Why this shape: prior feedback_phase19_seed_text.md warned that verbose
seeds dilute the embedding and silently kill the boost. T3's rich prose
goes to lesson.md; the embedded "approach" + "context" stay terse.
Verified end-to-end: local 20b checkpoint 10.9s, lesson 4.0s; cloud
120b lesson 3.7s. Cloud output is both faster AND more specific than
local (sequenced, tactical, logging advice included).
parseAction now strips stray `)` before `}` and trailing commas —
qwen2.5 emits those regularly on tool_call outputs; soft-fix beats
retry-loops. hybrid_search no longer hard-requires `question`; defaults
to "qualified available workers" when the model drops it (mistral's
most common failure mode on complex events).
Kept original TOOL_CATALOG shape (args examples only, not full
action envelopes). The verbose few-shot version from the prior
iteration confused mistral into wrapping propose_done as tool_call.
Scenario V7 result: expansion (5 Forklift Ops) and emergency
(4 Loaders) — previously-failing complex events — now seal reliably.
Pool sizes: 687 and 380 from 500K corpus. Patterns endpoint produces
real operator-actionable signals:
expansion: "recurring certifications: Forklift (40%), OSHA-10 (40%)
· recurring skills: mill (40%) · archetype mostly: leader
· reliability median 0.83"
Baseline + recurring are now flaky (inverted trade-off, pure
model-reliability variance).
Backend:
- crates/vectord/src/playbook_memory.rs (new): Phase 19 in-memory boost
store with seed/rebuild/snapshot, plus temporal decay (e^-age/30 per
playbook), persist_to_sql endpoint backing successful_playbooks_live,
and discover_patterns endpoint for meta-index pattern aggregation
(recurring certs/skills/archetype/reliability across similar past fills).
- DEFAULT_TOP_K_PLAYBOOKS bumped 5 → 25; old default silently missed
most boosts when memory had > 25 entries.
- service.rs: new routes /vectors/playbook_memory/{seed,rebuild,stats,
persist_sql,patterns}.
Bun staffing co-pilot (mcp-server/):
- /search, /match, /verify, /proof, /simulation/run, MCP tools all
forward use_playbook_memory:true and playbook_memory_k:25 to the
hybrid endpoint. Boost was previously dark across the entire app.
- /log no longer POSTs to /ingest/file — that endpoint REPLACES the
dataset's object list, so single-row CSV writes were wiping all prior
rows in successful_playbooks (sp_rows went 33→1 in one /log call).
/log now seeds playbook_memory with canonical short text and calls
/persist_sql to keep successful_playbooks_live in sync.
- /simulation/run cumulative end-of-week CSV write removed for the same
reason.

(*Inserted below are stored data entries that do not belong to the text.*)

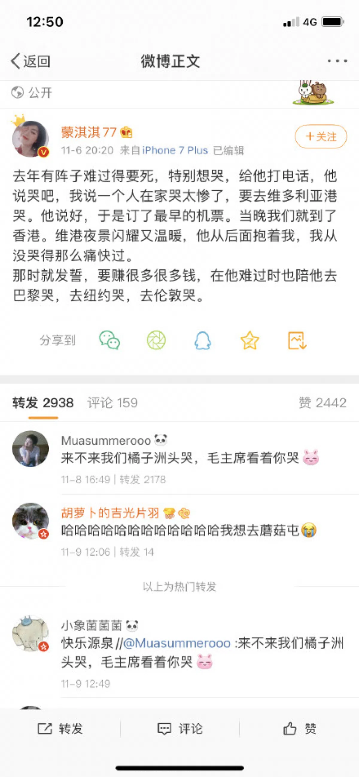 在凡尔赛文学和凡尔赛人还没刷屏时,豆瓣早在今年五月就有了“凡尔赛学研习小组”,研习“凡言凡语”,但真正让“凡学”走向大众的却是“蒙淇淇77”,她认真地实践着凡学理论,把玛丽苏式爱情和物质炫耀完美糅合: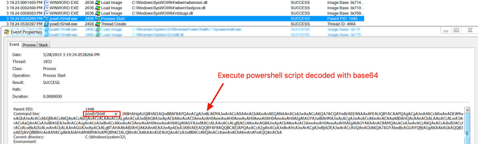 我们可以看到恶意Word文档文件中的VB脚本使用PowerShell创建了一个新进程。而’-e’参数表示可以执行经base64编码的字符串类型的命令。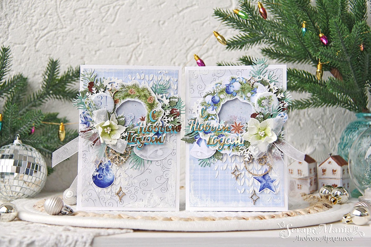 Свои открыточки я делала из коллекции "Волшебный снегопад". На эту коллекцию взглянула немного по-другому. Решила попробовать реализовать давнюю идею, а именно, сделать шейкер из красивого новогоднего елового веночка. В композицию к веночкам добавила сосновых веточек с шишками, бантик из воздушной ленты, чиповые елочные игрушки и чиповые снежинки. И конечно елочные шарики так же украшают композиции на открыточках. В этих открытках я так же спрятала сюрприз в виде небольшой поп-ап конструкции, которая удивит и впечатлит одариваемого.

Per-day per-contract /seed (added in this session) is the
accumulating feedback path now.
- search.html addWorkerInsight renders a green "Endorsed · N playbooks"
chip with playbook citations when boost > 0.

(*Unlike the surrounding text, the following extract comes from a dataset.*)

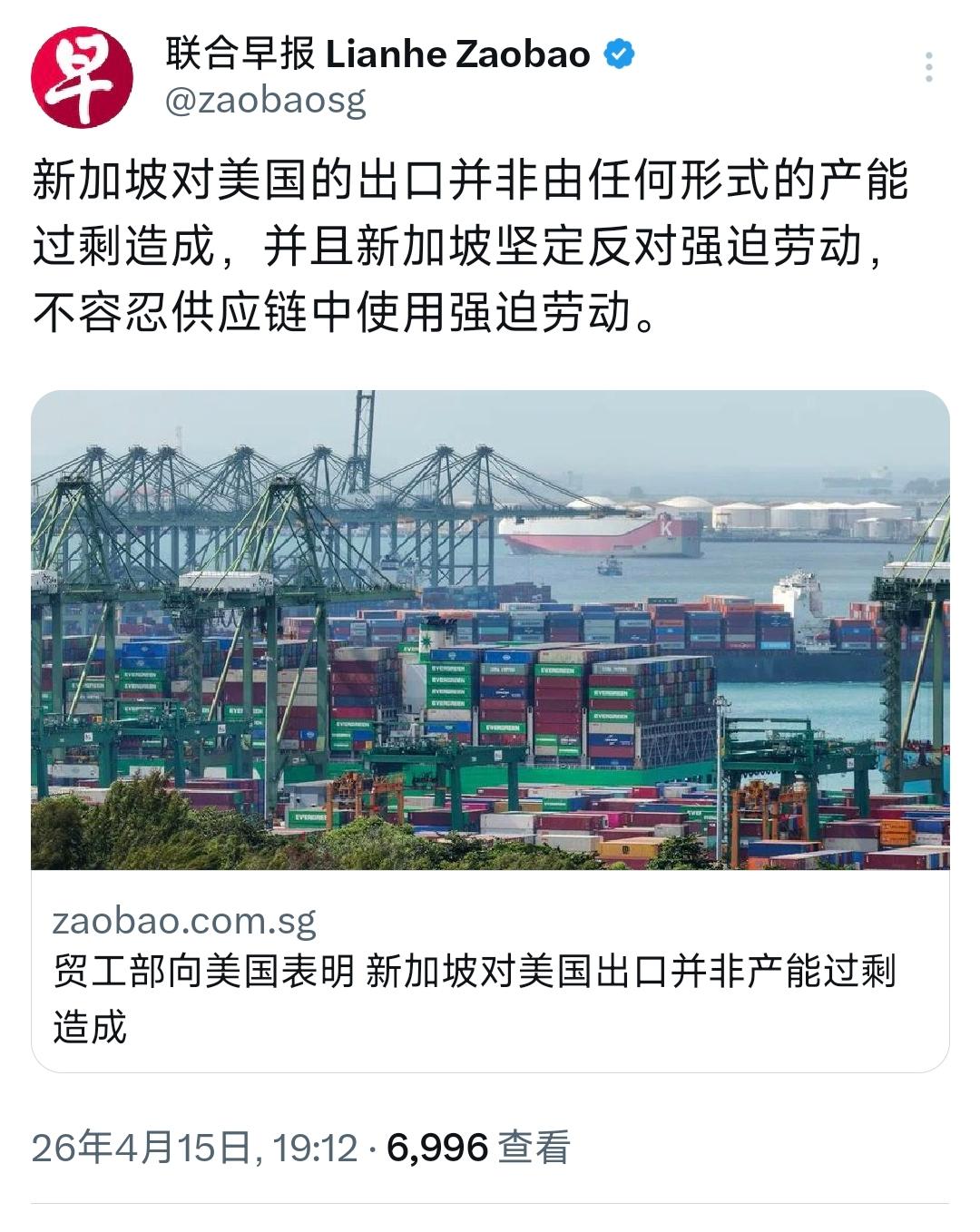 新加坡联合早报今晚(4月15日晚)报道:“新加坡贸工部向美国表明,新加坡对美国的出口并非由任何形式的产能过剩造成,并且新加坡坚定反对强迫劳动,不容忍供应链中使用强迫劳动。” [机智]评几句:新加坡不断讨好特朗普,但是也没有躲过。上个月,美国的301调查大棒也挥向了新加坡,美国还指责新加坡存在“结构性产能过剩与生产过剩”。美式霸权的双标嘴脸再次暴露无遗,一边将贸易调查当作地缘博弈工具,对盟友伙伴也动辄挥舞制裁大棒,一边无视自身产业保护主义行径,肆意给别国扣上莫须有的帽子。所谓“产能过剩”不过是美国打压他国产业的借口,而拿“强迫劳动”说事,更是无底线的政治操弄。连长期紧跟美国的新加坡都难逃敲打,足见美国眼中只有利益没有盟友伙伴。

Internal Dioxus UI (crates/ui/):
- Dashboard phase list rewritten through Phase 19 (was stuck at "Phase
16: File Watcher" / "Phase 17: DB Connector" — both wrong).

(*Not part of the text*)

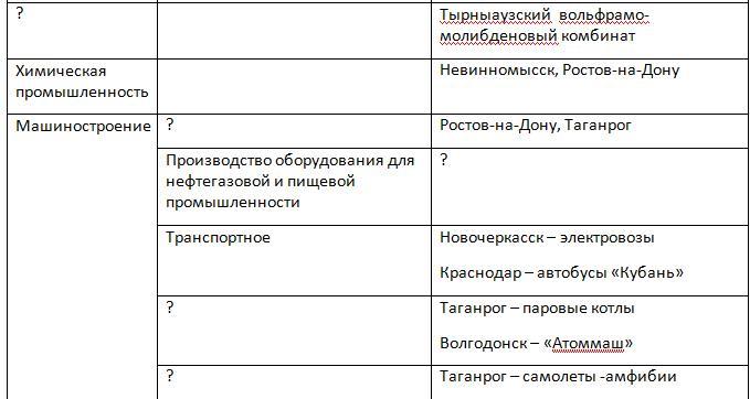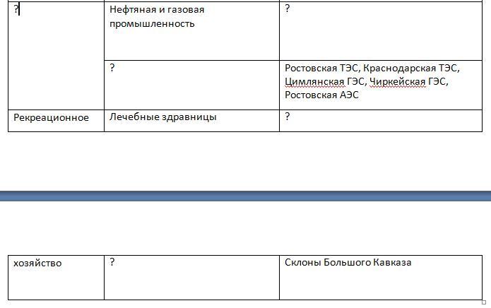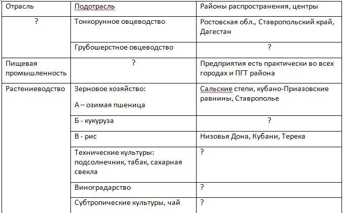 Помогите заполнить таблицу: хозяйство Европейского юга

- Removed fabricated "27ms" stat label.
- Ask tab examples + SQL default replaced with real staffing prompts
against candidates/clients/job_orders (was referencing nonexistent
employees/products/events).
- New Playbook tab exposes /vectors/playbook_memory/{stats,rebuild} and
side-by-side hybrid search (boost OFF vs ON) with citations.
Tests (tests/multi-agent/):
- run_e2e_rated.ts: parallel two-agent (mistral + qwen2.5) build phase
+ verifier rating (geo, auth, persist, boost, speed → /10).
- network_proving.ts: continuous build → verify → repeat with
staffing-recruiter profile hot-swap; geo-discrimination check.
- chain_of_custody.ts: single recruiter operation traced through every
layer (Bun /search, direct /vectors/hybrid parity, /log, SQL,
playbook_memory growth, profile activation, post-op boost lift).